Others agree that ‘complaints’ also includes formal customer issues logged through a complaints email address, phone number or web portal. They’re right, but that’s still not enough. Here’s why.

Here’s how the TCP Code defines a ‘Complaint’

Complaint means an expression of dissatisfaction made to a Supplier in relation to its Telecommunications Products or the complaints handling process itself, where a response or Resolution is explicitly or implicitly expected by the Consumer. An initial call to a provider to request a service or information or to request support is not necessarily a Complaint. An initial call to report a fault or service difficulty is not a Complaint. However, if a Customer advises that they want this initial call treated as a Complaint, the Supplier will also treat this initial call as a Complaint. If a Supplier is uncertain, a Supplier must ask a Customer if they wish to make a Complaint and must rely on the Customer’s response.

That covers a lot more than a formal complaint through the complaints portal, and a very lot more than just ‘TIO complaints’. If you and your people don’t have a good understanding of what counts as a complaint, you’re behind the complaints eight ball already.

Second, you need to capture them

That in turn has three elements. You need a system for recording complaints. For a micro-provider that might mean a spreadsheet. The larger you are, the more capable your complaints system must be. And your people need to be trained to be alert to those ‘expressions of dissatisfaction’ the TCP Code talks about, and when and how to record them in the system. And you and your people need to be enthusiastic about actually doing that. The organisation needs to regard complaints data as a key success input.

Third, you need to classify them

Classification makes raw data useful. How you categorise, tag and index complaints information determines how well you can achieve the TCP Code’s aim of identifying recurring issues. supports careful use of TIO’s keyword schema within telco complaints systems, not only because it is pretty well though out but because it lets a telco see its complaints profile in a way similar to TIO … except weeks or months sooner.

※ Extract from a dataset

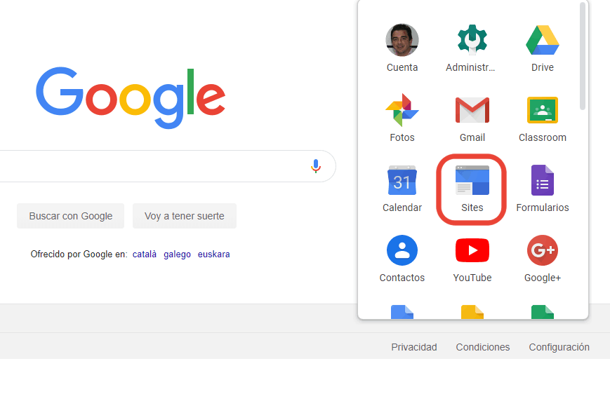 Si pulsásemos el botòn rojo "CREAR" que se encuentra en la versión clásica, aparecería un menú con dos opciones, "en la versión clásica de Sites" o "enla versión nueva de Sites". En ese caso habría que elegir la versión nueva. de esta manera crearemos la primera página de la web, también conocida como página Principal o Home. Nuestra web puede tener una sola página donde vamos añadiendo todo el contenido o estar formada por varias páginas en las que organizamos los contenidos a nuestro criterio. Si tenemos poco contenido, sería mejor en una sola página, pero si hay que añadir muchas cosas, mejor crear varias páginas y un menú para acceder a ellas porque eso facilita la navegación y la gestión de todo el contenido que vamos creando.

Fourth, you need to look at the data with care

A complaints recording system with comprehensive input, apt classification and powerful reporting capability is essential but there’s one more necessary ingredient: Someone who’s serious about understanding what the information can tell them has to spend time analysing it. If you want to stare at a screen and see nothing of much significance, that’s what you’ll see. If the real information that lies within the data is of vital concern to you, a well-designed system will pay huge dividends.

So what do your October/November/December complaints tell you?

If you haven’t teased  out the valuable information that so often lies within complaints data, do yourself a favour.  Whether you view complaints analysis as smart business strategy or just a chore, the TCP Code expects you to give it regular, active attention.